Atlantic Avenue's only serious lack is night life. For that you must leave Brooklyn and take the subway to the side streets off Broadway on Manhattan's West Side where a small clutch of Middle East night clubs bearing names such as "Egyptian Gardens" and "Port Said" cater to the New Yorker's yen for the exotic and offer some semblance of the original Middle East entertainment. Any night you can part the curtain, enter the tent and feast your eyes on beautiful dancers whose flashing eyes stir memories of mysterious clubs in Cairo, Beirut or Baghdad. In the same neighborhood there are restaurants named the "Mecca," the "Cedars of Lebanon," or "The Shaikh" and the "Son of the Shaikh," where the succulent specialties of the Middle East dominate the menu.
But for most items it is best to return to Brooklyn, where you can buy almost anything originating in the Middle East. Wadi Sahadi, a neighbor of Rashid's from Zahle, Lebanon, can get between $50 and $200 for richly decorated, Damascus-made swords, once the pride of ancient lighting men. Wadi also sells the pipes that the Bedouin play to lead the sheep through desert places, delicately carved trains of wooden camels, hassocks, leather goods, wallets and musical instruments for those who want to play along with Asian's or Rashid's records. "The young rock 'n' roll people," he says "love to play the dirbekeh." In Malko's place there are long desert abayas—a sort of white cassock—with matching kufias— headcloths—and gold-lined agals to hold the kufias in place.

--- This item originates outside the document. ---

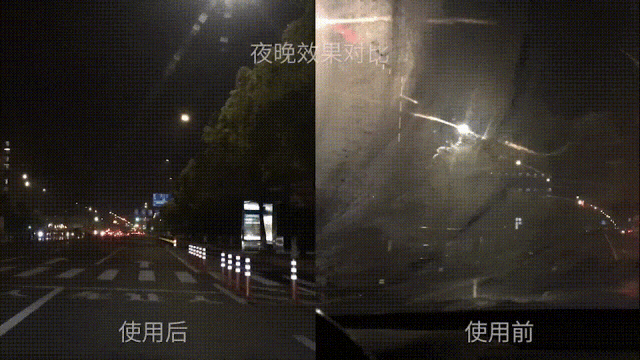 效果对比:使用除油膜剂之前油污炫光严重,清洗过后干净通透,视野开阔!

"Only crazy people buy these things," grins Elias. "They cost $25. A lot of people buy them for parties. And one man in Florida who owns five horses bought one to go riding in. If I had five horses I'd buy one too."
So life goes on in this tiny enclave. And despite the distance and the years that separate Damascus and Brooklyn the old ways haven't changed very much. There is the familiar cluster of dark-haired, black-eyed people wandering casually into stores and browsing among the dates, the spices and the watermelon seeds from Baghdad. There are customers inspecting Syrian lentils, mouloukhia and dry okra from Damascus, or looking over clay pots, hilwa and tahini from Beirut. And there are merchants standing there to greet them, saying as they have for centuries, "Marhaba," and thus launching a dialogue as old as Damascus itself.
"Tell me how much are these in this jar?"
"Ah, these are 59 cents, they are the finest..."
"Indeed, that is strange. I have found kinds like this a few blocks away for only 49 cents. Could they be the same?"
"Ah, but of course not. See here, the fine aroma, the ingredients are straight from. ..."
Damascus in Brooklyn, indeed.
Michael B. Sullivan, formerly a reporter for the Worcester Telegram and an associate editor for Barron's Financial Weekly, is now studying in Cairo under a Fulbright grant.